What the MSP430F6748IPZR brings to a metering or instrumentation BOM
What sets it apart from general-purpose MSP430 parts is the integrated 4x24-bit sigma-delta ADC array and a direct LCD driver — these peripherals let a single chip handle analog front-end sampling and a local display, cutting the BOM count for a smart meter or panel instrument.
The 25 MHz clock rate is modest by today's 32-bit MCU standards, but the CPUXV2 architecture is a 16-bit RISC with a three-stage pipeline and hardware multiplier, so it handles 24-bit math from the sigma-delta ADCs efficiently. The 62 I/O pins give room for external memory, serial interfaces, and control lines alongside the LCD segment drive.

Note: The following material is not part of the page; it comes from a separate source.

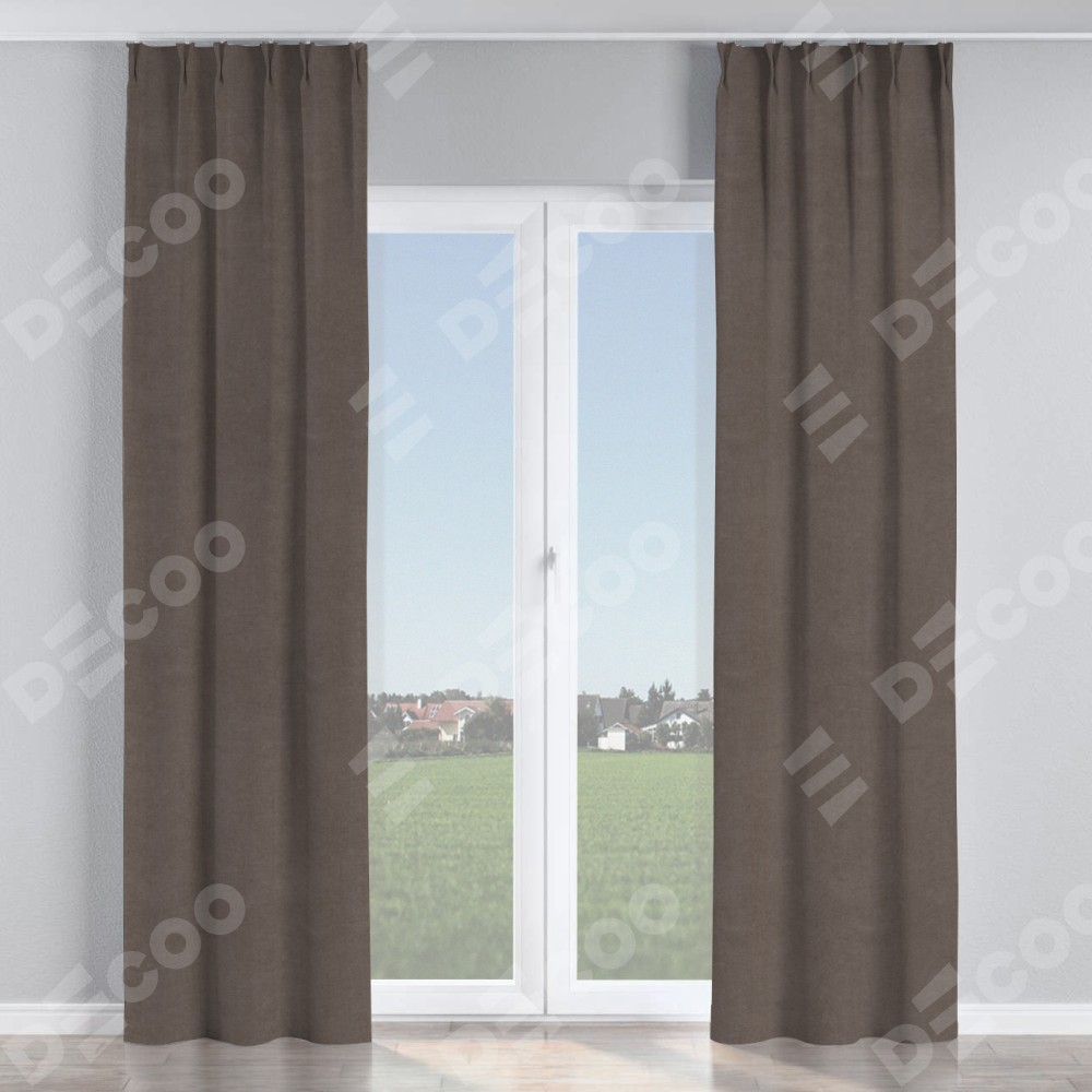 Комплект прямых штор, от производителя «Cortin», пошиты из ткани вельвет коричневый, артикул ткани 14135. С изнаночной стороны в верхней части штор пристрачивается шторная лента с декоративными складками «Кустик». Для создания элегантных складок прямые шторы шьются по стандарту с коэффициентом 1:2 (на 100 см. ширины проёма 200 см. ширины ткани).

The internal oscillator trims the BOM by one external crystal for non-critical timing; if you need a precision timebase for the ADC sampling window, you still add a crystal on the LFXT1 pins.
The 100-LQFP package with a 14x14 mm body is a hand-solderable QFP with 0.5 mm pitch — reworkable with hot air if you preheat the board, but the fine pitch means a steady hand and flux. No exposed thermal pad; junction temperature rise is modest at the 25 MHz clock, so a standard four-layer board with a ground plane under the package is sufficient.
TI has marked the MSP430F6748IPZR as obsolete.